Pathos: What It Is, and How Writers Evoke It

Pathos is one of the emotions writers most frequently evoke in their work. The noun pathos comes from ancient Greek and from the verb πάσχειν, or pas-thein, which means “to suffer.” The Oxford English Dictionary defines pathos as, “A quality which evokes pity, sadness, or tenderness…”

To me, pathos is a personal suffering, a solitary emotion, which is what makes it so poignant. Paradoxically, it is that individual, interior quality of pathos that allows us to empathize with it, since we’ve all experienced moments of pathos.

Unlike other emotions, such as love, hate, anger, outrage, friendship, etc., pathos only requires one person to experience its story. Because it mostly involves the fate of an individual, pathos might be the easiest emotion to invoke, so it’s a good place to start for a beginning writer.

One of the most classic examples of pathos for me is this poem by the great haiku writer, Hattori Ransetsu (1654–1707).

Hattori Ransetsu
Here is the haiku:

The childless woman,
How tender she is
To the dolls!

translated by R.H. Blyth

In this poem Ransetsu tells the story of one person’s life in fewer than twenty syllables. The woman, who is probably a shopkeeper, is arranging dolls, stroking their hair, neatening their clothes.
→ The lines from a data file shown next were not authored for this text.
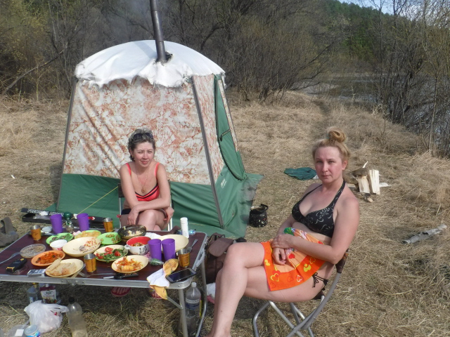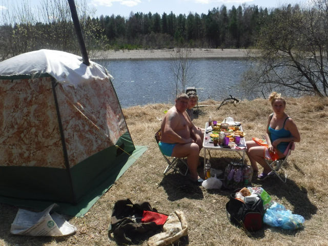 Позагорали, попарились, покупались и посидели допоздна за рюмкой чая. Ночью было +3..+5. Одной не полной закладки дров хватило до утра. Выспались на раскладушках отлично. Маленько порыбачили, но сейчас об этом низззя - нерестовый в полном разгаре, хотя рыба уже отметалась и отдыхает.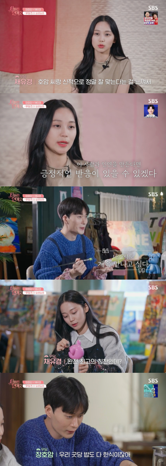 채유경 또한 "(장호암과) 신적으로 정말 잘 맞는다는 느낌을 받았다. 이 사람과 인연을 만든다면 긍정적인 반응이 있을 수도 있겠다는 느낌"이라고 장호암과 데이트에 만족감을 표했다.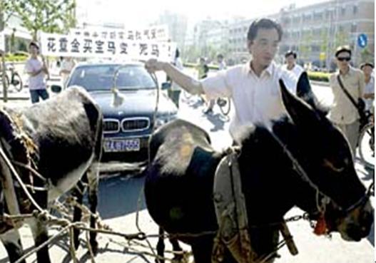 见过毛驴拉破车,但这毛驴拉高级轿车还是头一遭,看清楚了,这回人家拉的可是二百多万的宝马760。在北京四季青桥附近,来自哈尔滨的林先生赶着3条毛驴拉着一辆宝马760轿车。据他介绍,花200多万元买的这辆宝马车,一年不到的时间,汽车开始陆续出现安全气囊、刹车间歇失灵等11项故障,经维修没有改善。万般无奈之下,林先生才想出了此招——在北京街头上演一出“毛驴拉宝马”的好戏,希望能找到解决的办法。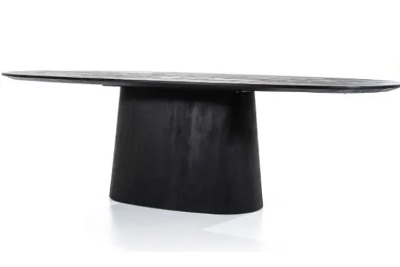 Eettafel Aron van het merk Eleonora is een stijlvolle tafel gemaakt van mangohout met een diepe, zwarte afwerking. De combinatie van het taps toelopende blad en de robuuste poot zorgt voor een krachtige uitstraling met een moderne twist. Dit meubelstuk geeft direct karakter aan jouw eetruimte.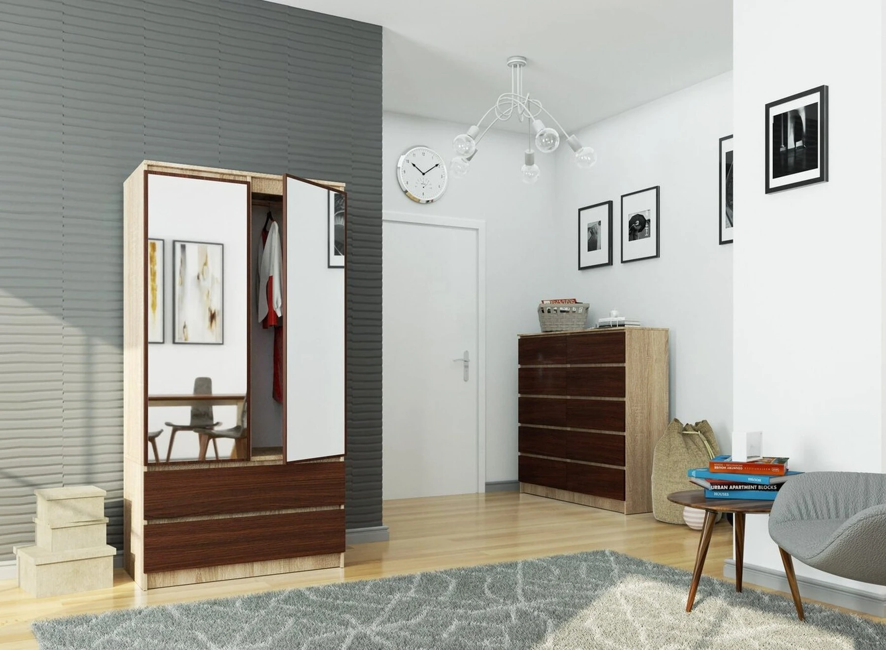 Aprašymas buvo automatiškai išverstas, gali pasitaikyti klaidų. Moderni ir kartu labai praktiška dviejų durų spinta, pagaminta iš kokybiškos, dilimui atsparios laminuotos plokštės. Spintos fasaduose yra padalintas veidrodis, kuris vizualiai padidins bet kurį kambarį. Apatinėje dalyje yra du ištraukiami minimalistinio varianto stalčiai be rankenų. Lentų kraštai, įskaitant stalčius, padengti ABS laminatu, kuris padidina jų ilgaamžiškumą ir apsaugo nuo pažeidimų. S 90 sonoma /, tamsiai ruda spinta tiks ir miegamajame, ir prieškambaryje. Vienoje pusėje yra trys lentynos. Kita vertus, yra baras, skirtas drabužiams kabinti ant pakabų. S90 spinta išsiskiria: minimalistinis ir nesenstantis stilius, aukštos kokybės elementai iš Kronospan laminuotos plokštės, stalčiai, stumdomi ant metalinių GTV ritinėlių kreiptuvų. Savarankiškai surenkama spintelė – pakuotėje yra detali surinkimo instrukcija. Visos dalys yra tinkamai pritvirtintos, kad transportuojant nebūtų pažeistos.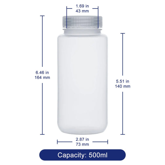 Transparent Media Storage Bottles with Screw Cap, Polypropylene, 500-1000 ml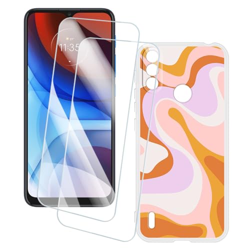OAGELIM 2 Pack Protège-Écran + Coque Compatible avec Motorola Moto E7i Power (6.5 Pouce) Coque Impression Artistique Personnalisée et Film Verre Trempé (Coloré)
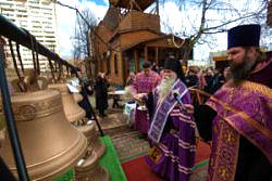 Епископ Дмитровский Феофилакт освятил колокола для строящегося храма священномученика Ермогена в Зюзине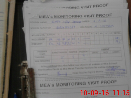 | Attendance Register | Head Teacher | MEA with School | Visit Proof |

Her tenderness toward them shows the reader the love she would have given her children, if she had them. This one scene, which the poet depicts with a few quick brushstrokes, gives us an entire narrative, an entire life. This is not a woman who has voluntarily chosen to forego having children. The pathos comes from the sense of loss, the absence of the life that this woman would have enjoyed as a mother, and the poignancy of her showing that love to a lifeless doll.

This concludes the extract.